Peter England arrived on the market and went on to write an impressive success story.  Unlike Van Heusen and Louis Philippe which were premium offerings, this was a value for money offering by Madura Garments. It went on to carve out a niche in ready to wear menswear market by intelligently packaging its value for money proposition as ‘honest brand’. By calling itself as an ‘honest shirt’ it indirectly struck a chord with value sensitive Indian buyer without bringing price into an explicit consideration. The affordability was brilliantly packaged as honesty. The idea was to deflect consumer consciousness from a discourse involving price, cheap, economy and bargain. It was ‘economy’ decently packaged.  The brand developed ‘down to earth’ ‘unpretentious’ personality which connoted ‘value proportionate to price’. Later the communication took the brand to a notch higher by a symbolic campaign ‘More is less’ in order to appeal the younger audience (psychographic matching).

 

Sales promotion schemes by definition are short run activities and generally involve tactical maneuvering of customer behavior. These are aimed to influence demand (spikes) by offering short term consumer incentives. But the crucial issue is can sales a promotion activity (explicit discounting in which high prices are reduced) be made part of brand identity? What effect does a sales promotion based discount strategy has on customers?

 

The attribution theory explains how people interpret events. People try to figure out why things happen in a particular way or why people behave in a certain manner. People try to make sense by determining cause behind a phenomenon.

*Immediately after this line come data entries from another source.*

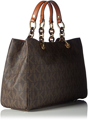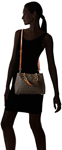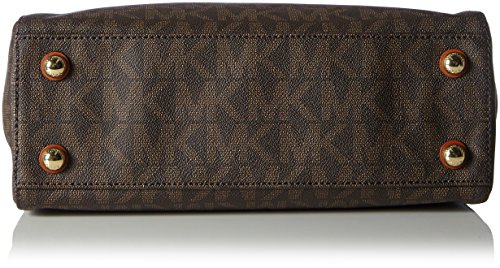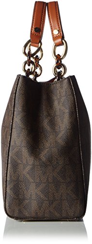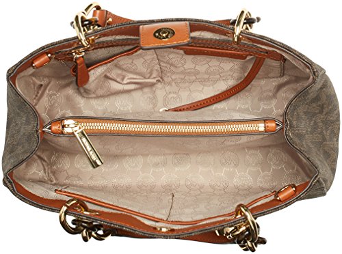An authentic Michael Kors satchel handbag styled in brown pvc and tan leather trim with gold-tone hardware. This Michael Kors handbag features logo fabric interior lining, a top open pocket, 1 center zip pocket, 1 interior zipper pocket, 4 interior slip pockets, two leather handles on a chain with 5 1/2" drop and a brown leather shoulder strap with 21" drop. Dimensions: 9.25"H x 12.5"W x 5"D
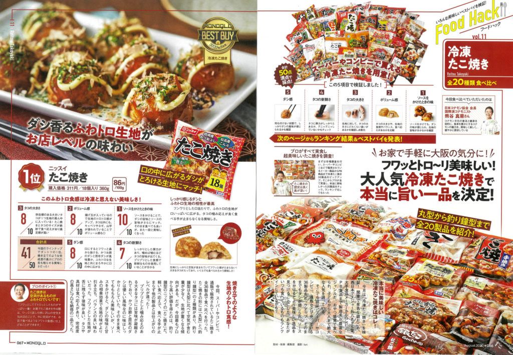 晋遊舎のMONOQLO誌において、冷凍たこ焼の比較が特集されました。
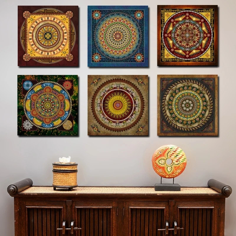 Современная живопись, популярный Тибетский тангка, настенное искусство, холст, Вера, тибетский Будда, мандала Ом, Йога, украшение для дома, картины, настенное искусство
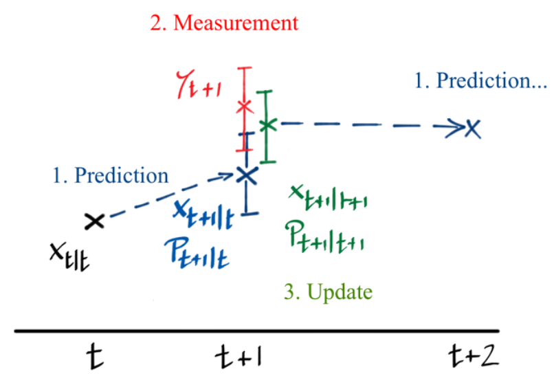 Updating step: the new states at time \(t+1\) are updated, as a compromise between the one-step ahead prediction and the measurement.
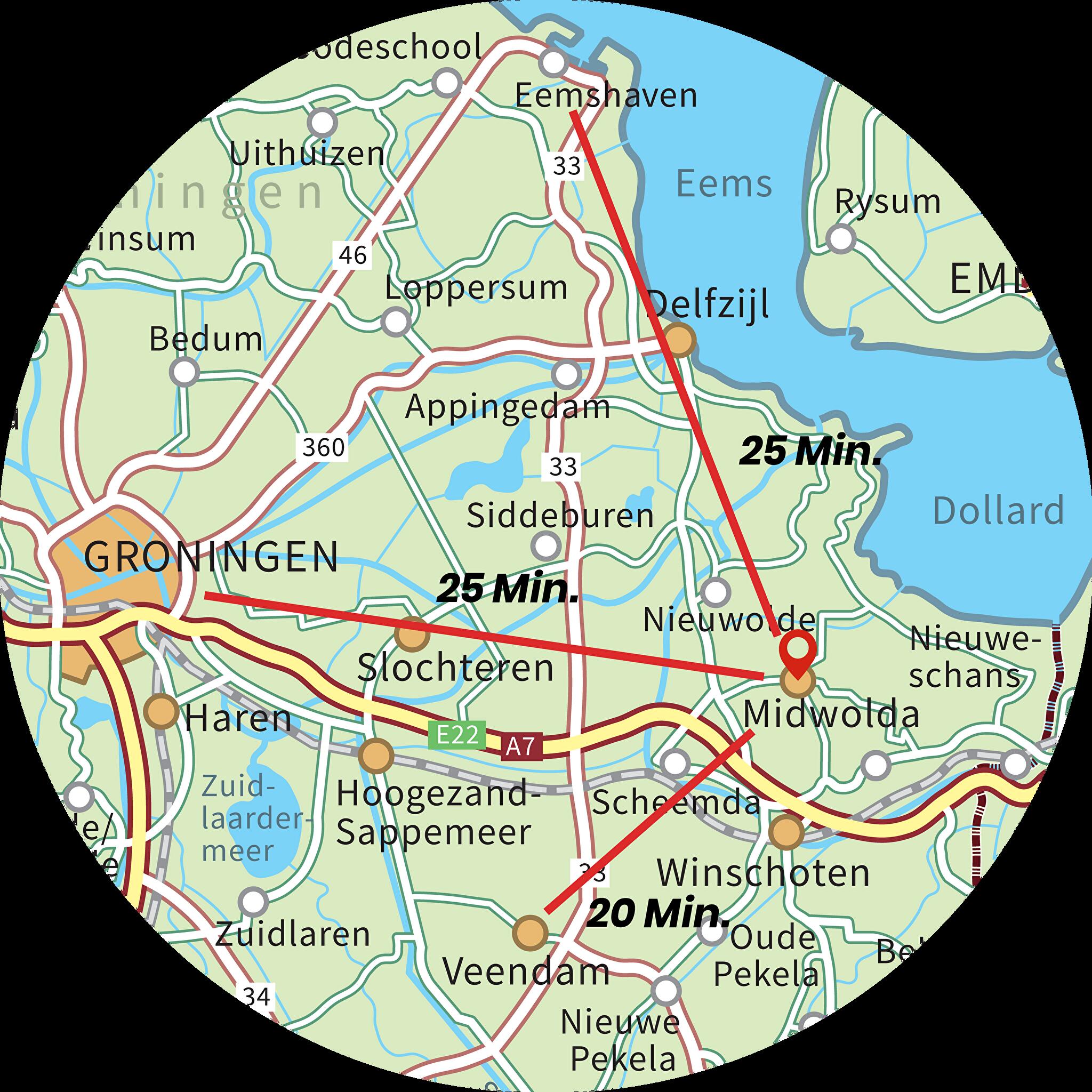 Groningen, Appingedam en Eemshaven binnen +- 25 minuten bereikbaar.
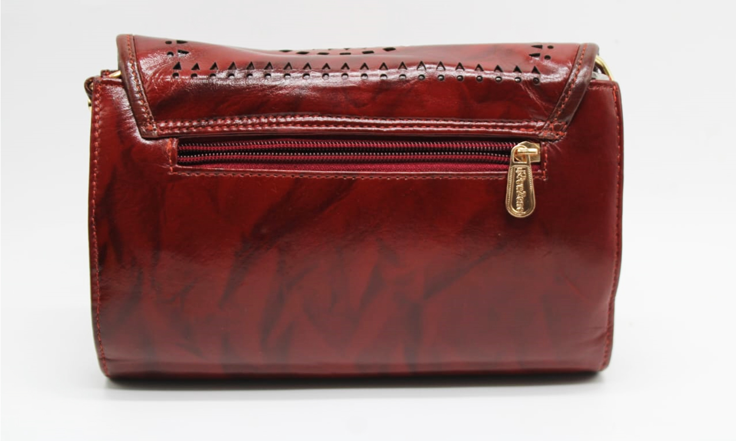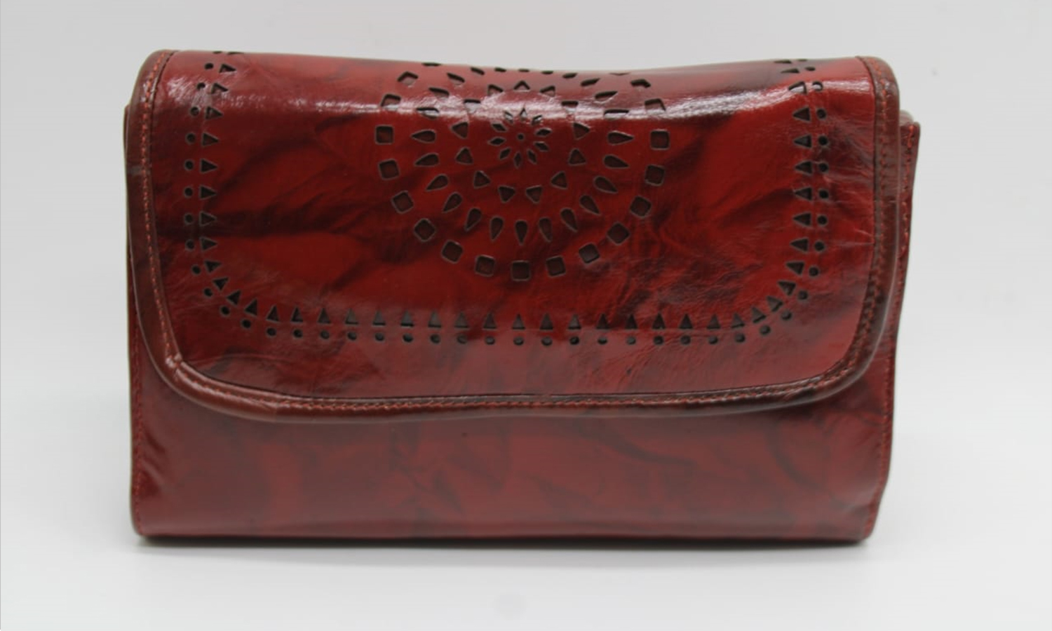 This is a stylish leather clutch bag in a deep reddish-brown shade. It has a flap closure with intricate laser-cut floral patterns on the front, adding a touch of elegance and uniqueness.
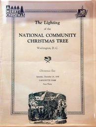 | Keywords: National Community Christmas Tree Lighting Ceremony Program 1938.jpg en The program from the lighting ceremony for the 1938 National Community Christmas Tree The United States first hosted a National Christmas Tree in 1923 At the time it was a cut tree and erected in the center of The Ellipse From 1924 to 1933 a live tree was planted in Sherman Square south of the U S Department of the Treasurer Building In 1934 two live Fraser fir trees were planted in Lafayette Square The trees alternated as the National Christmas Tree to help reduce damage to the trees from the heavy ornaments and lights The last time they were used was 1938 In 1939 and 1940 two red cedar trees were temporarily moved to the north edge of The Ellipse In 1941 two Oriental spruce trees were planted on the South Lawn of the White House and again used in alternative years as the National Christmas Tree Cut trees were again used beginning in 1954 and the tree was moved to the north edge of The Ellipse again The cut tree was replaced with a live tree in 1973 It's been replaced several times but a live tree has been used ever since http //www flickr com/photos/23165290 N00/7235952910/ United States Department of the Interior original document ; Tim Evanson photograph December 1938 original document ; 2012-05-15 White House in 1938 Christmas 1938 U S National Christmas Trees PD-USGov cc-by-sa-2 0 dctim1 http //flickr com/photos/23165290 N00/7235952910 2012-05-30 22 50 12 cc-by-sa-2 0 Files from Tim Evanson Flickr stream |
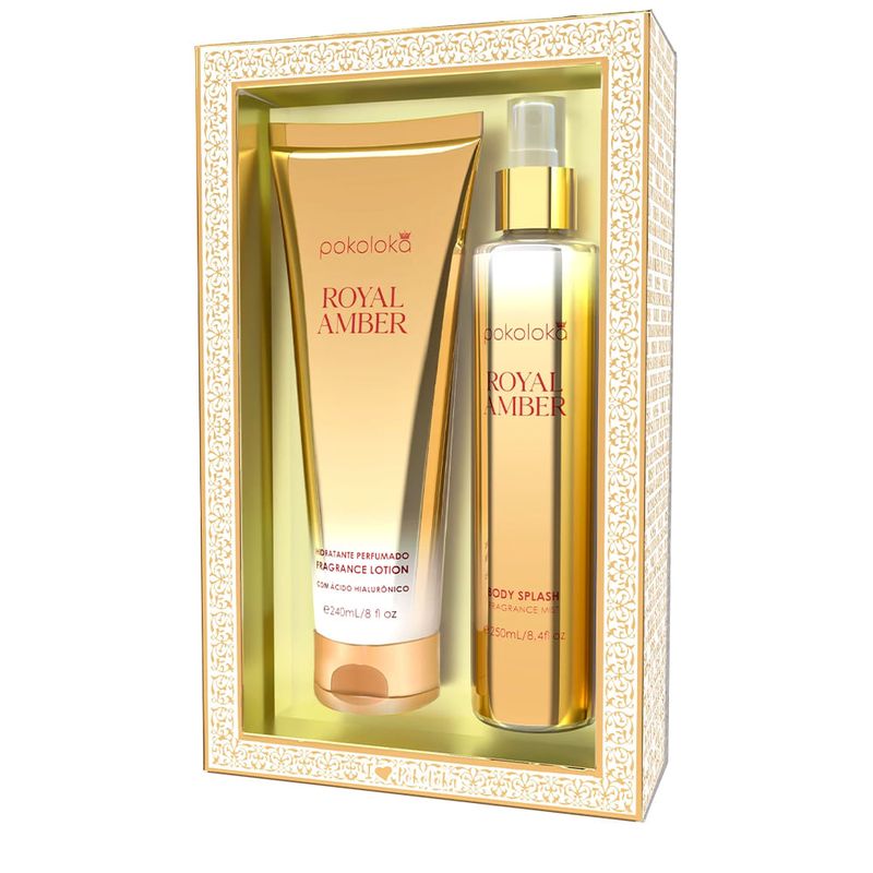 O Pokoloka Kit Loção Body Splash Royal Amber 250ml + Body Lotion 240ml combina hidratação intensa e perfumação oriental baunilha, ideal para momentos especiais, encontros românticos e eventos sofisticados, com embalagens recicláveis e práticas, perfeitas para primavera, verão e clima quente.
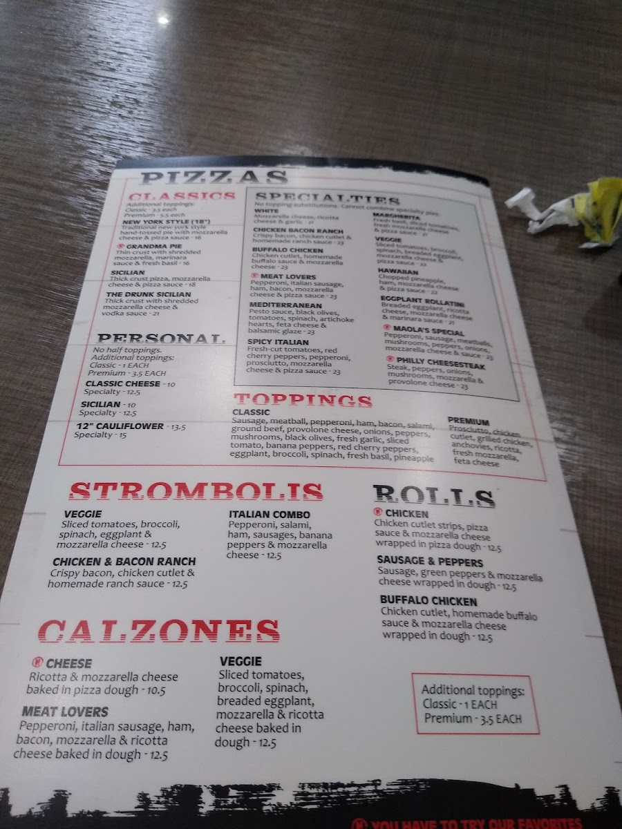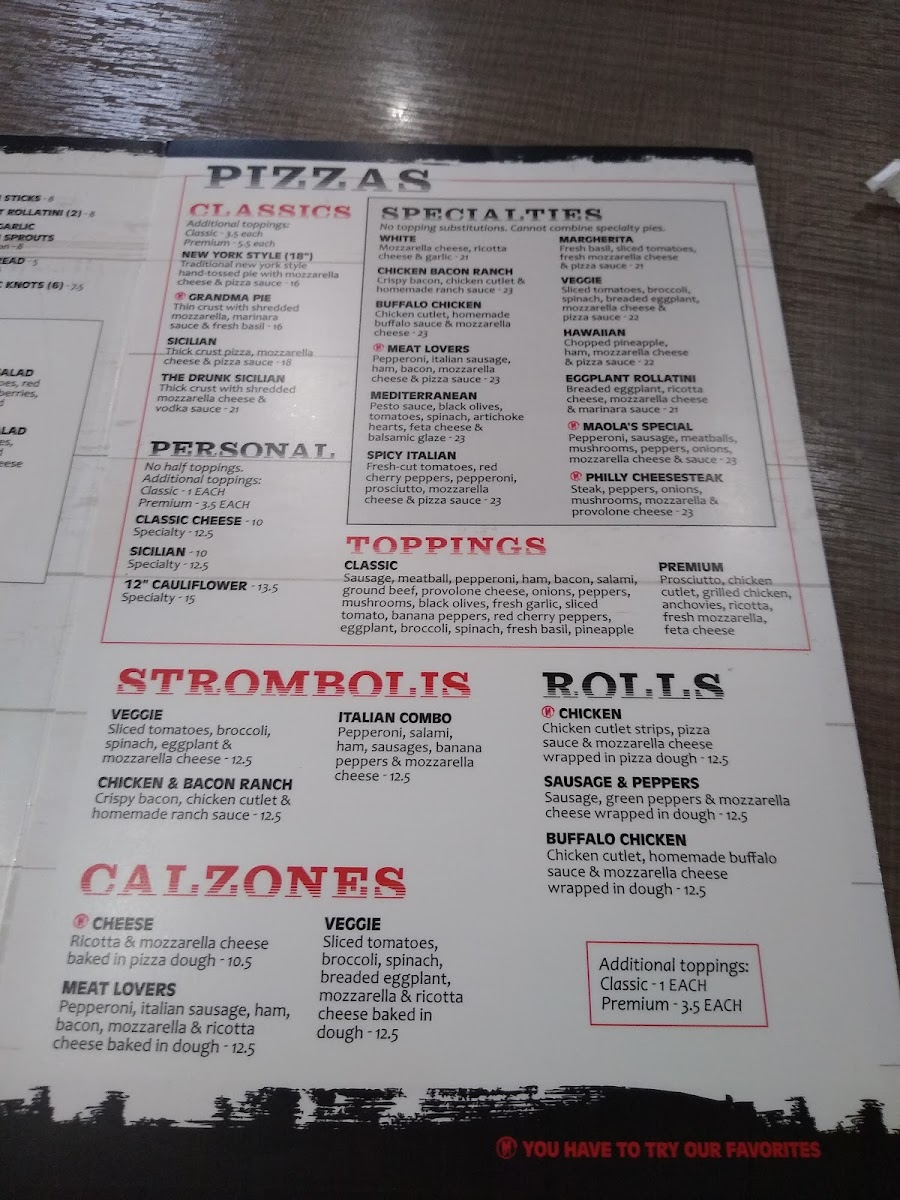 No topping substitutions | Cannot combine specialty pies. Sicilian crust for an additional cost.
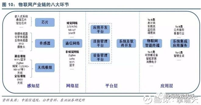 物联网产业链包含八大环节。芯片提供商、传感器供应商、无线模组(含天线)厂商、网络运营商(含 SIM 卡商) 、平台服务商、系统及软件开发商、智能硬件厂商、系统集成及应用服务提供商。物联网的体系架构自下而上分为四个层次:感知层、网络层、平台层、应用层。目前市场你发现没有正在热炒网络层,前段时间是感知层。而在这八大环节里面,最重要的就是芯片提供商和网络运营商。

A short term deep discount can be interpreted as sudden stock liquidation or a celebration offer or competitive maneuver. But a long term use is likely to make people suspicious about genuineness of the offer.

 

How long a discount offer is likely to be perceived as golden opportunity? The adaptation theory explains that people have a tendency to get used to or adapt to a situation. As a result a situation/ stimulus ceases to be stimulating which causes people to seek novelty elsewhere. An offer like 50%=50% is likely to be perceived as an exciting offer for some time in the beginning and act like a magnet but its long term usage is likely to rob uniqueness out of it.

 

Discount brands tread on a difficult territory. Perpetual discounting can position a brand as cheap and create undesirable connotation. It is psychologically gratifying to be able to grab a bargain but socially it is undesirable to be associated with a bargain brand. People love to buy an aspirational brand (brand imagery) at a discount (made affordable) but shy away from a brand cheap brand (personality). There is fine distinction between a cheap brand and inexpensive brand. The concept of social signification applies equally to economy customers. It is here brand needs to deflect bargain oriented discourse from their image.

 

Peter England built its market by smart use of symbols in communication. By developing an ‘honest, down to earth and unpretentious’ personality it developed image of an affordable brand. A price oriented strategy promotes price sensitive culture and preempts a brand from seen from any other angle. Deep discounting model that relies upon ‘drop a bomb’ discounts to attract customer on equally ‘blow your tops’ maximum retail price is likely sow seeds of its own destruction by making customer clinically analytical about what actually is in the bargain.